Olena Gadomska: Ten Minutes That Changed Everything
- olgastrasburger
- Nov 13, 2025
- 5 min read
The War began like a disaster movie, only we – Ukrainians – became the main characters without casting and against our will.
Life before February 2022 was routine – morning coffee, getting ready, taking the child to school, city traffic jams, the office, traffic jams again, school, home.
In the midst of all this, I was happy – family, a ginger cat and a dog at home, a good job in a good place, wonderful colleagues, a professional career. A favourite cinema, coffee shops, friends, sports, travel, and plans for the future.

I write this text, and before my eyes is beloved Kyiv in the cool night air, breathing out the heat of the workday. I walk after work along the highway lit by lanterns, already free of noisy traffic jams, under the relaxing music of the evening. The ancient and majestic Dnipro (river) draws into its depths the shadows of pedestrians on the embankment and the shimmering glow of cafés.
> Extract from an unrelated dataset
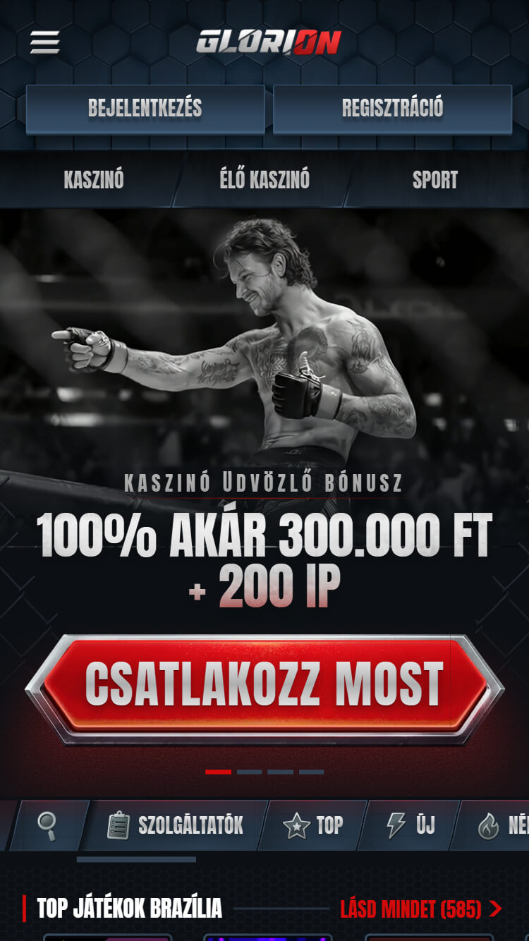 A Glorion kaszinó felülete első látásra is céltudatos. Nincs felesleges mozgás, nincs túlpakolt grafika, minden pontosan ott van, ahol lennie kell. A sötét háttér stabil alapot ad a színes játékdobozoknak, így a szem nem fárad, a figyelem pedig nem kalandozik el. A főmenü bal oldalt áll, fix pozícióban, mint egy megbízható útitárs. A kategóriák egyértelműek: kaszinó, élő játékok, sportfogadás, jackpot, VIP, nincs kavarodás, csak letisztult logika.

I write this text, and I recall the last celebration of Ukraine’s Independence Day. Friends, a picnic, a grand military parade on beautiful Khreshchatyk with flowers, balloons, Ukrainians in embroidered shirts, biking in the park, Kyiv in August.
I write this text – and I recall my parents, family celebrations and simply days, countless jars of freshly made jam from my mom and how I carried it all to the car trunk, the pleasant fuss of finding Christmas presents.
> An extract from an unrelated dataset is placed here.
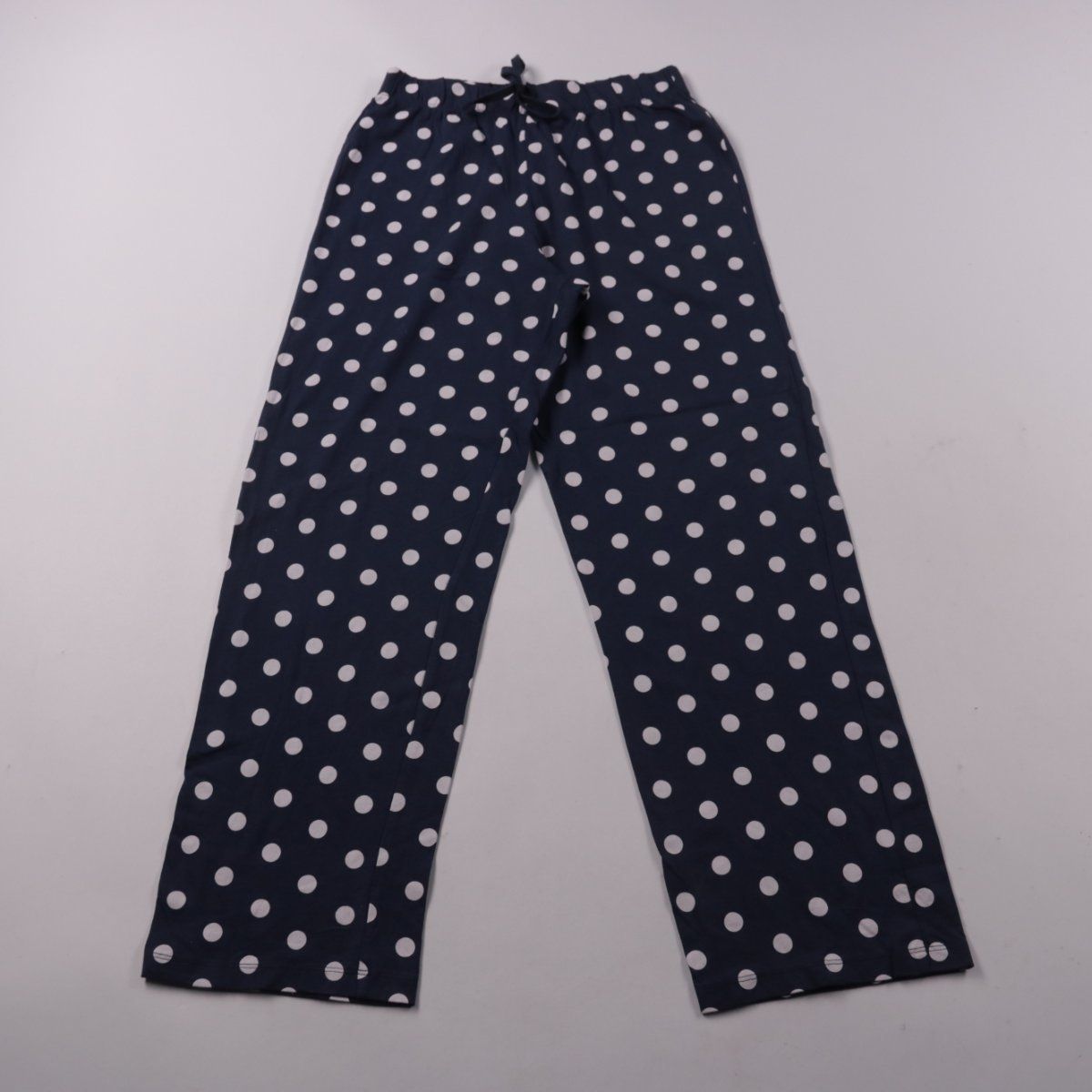 Пижамные брюки F&F в тёмно-синем цвете с белым горошком. Эластичный пояс с завязкой подойдёт для сна и домашнего отдыха. Лёгкая ткань удобно сидит и не стесняет движений.

russia’s full-scale invasion (War)
Every Ukrainian’s morning of February 24, 2022 – was so alike and so different. News of russia’s full-scale invasion spread across the whole country and flew around the world.
It was early morning, about 4 a.m.
Half-asleep, I hear – “Mom, Dad, War!! People outside are packing things into cars.”
My husband and I jumped up in a second, disoriented, in a chaos of thoughts and actions. I froze, as if denying reality to myself. We turned on the TV, caught official news that brought no comfort – russia’s black and cruel Mordor was advancing on Kyiv.
Those 10 minutes of the new reality stretched out like hours. Then calls to parents, coordination with friends, crowds rushing into shelters, queues at gas stations for fuel, newly opened volunteer enlistment centres for the army and territorial defence, searching for the first helmets and boots for soldiers, and huge traffic jams on the way out of Kyiv.
Each of us had prepared an Emergency backpack with documents, medicines, water, and a sleeping mat. At night, we slept dressed, with shoes and backpacks beside us – to jump into them and run to the shelter from russia’s bombings.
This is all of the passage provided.